In SamBuckberry/RunATAC: Functions for Importing, Processing, Analyzing, Plotting and Reformatting ATAC-seq Data

RunATAC

An R package for processing and plotting ATAC-seq data

This package is currently is it's infancy. Don't expect any real functionality for a while...

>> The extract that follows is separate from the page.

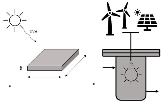 Furthermore, the theoretical productivity achieved with the direct exploitation of the sunlight is compared with the performance that would be reached if the photoreactor would employ electrical energy obtained from renewable sources. Indeed, the photoreactor may be differently designed (a) for direct irradiance by solar light or (b) for use with UVA lamps that may be feed with renewable electricity. In option (b) photovoltaic (PV) panels and wind turbines are explored as sources of electricity for the lamps that irradiate the photoreactor. A scheme of both the proposed setups is reported in Figure 1.

You can use RunATAC to easily Plot insert size histograms Calculate fraction of reads in peaks (FrIP) Plot footprint profiles for motifs Generate V-plots of fragment sizes flanking transcription factor motifs Generate bigwig files of Tn5 insertions and nucleosome spanning fragments Perform motif-centric transcription factor occupancy predictions with the CENTIPEDE algorithm Generate tables of counts for multiple samples Perform differential accessibility testing * Generate browser snapshots for regions of interest

TODO

Browser shots
Peak calling with MACS2 using generated bigwigs
Nucleosome density plot analogous to the footprint plot
Footprint and nucleosome together
Heat maps similar to deeptools

knitr::opts_chunk$set(echo = TRUE, cache = FALSE, results = "hide",
                      comment = FALSE, warning = FALSE, message=FALSE)

Install the RunATAC package and dependencies

library(devtools)
devtools::install_github("SamBuckberry/RunATAC")

install.packages('data.table')
install.packages('magrittr')

## try http:// if https:// URLs are not supported
source("https://bioconductor.org/biocLite.R")
biocLite(c("Biostrings", "motifRG", "GenomicRanges", "IRanges", "GenomicAlignments", "rtracklayer", "Rsamtools"))

Plot ATAC-seq insert size histogram

One of the first quality control steps of an ATAC-seq experiment often performed is the assessment of insert size distribution. As Tn5 DNA insertions in accessible chromatin are highly structured around nucleosomes Buenrostro et. al. 2013, a good ATAC-seq experiment should show an enrichment of fragment widths (the mapping distance between 5' read ends for paired-end reads) below 100 bases, and another peak of enrichment at ~200 bases, indicative of nucleosome spanning read fragments.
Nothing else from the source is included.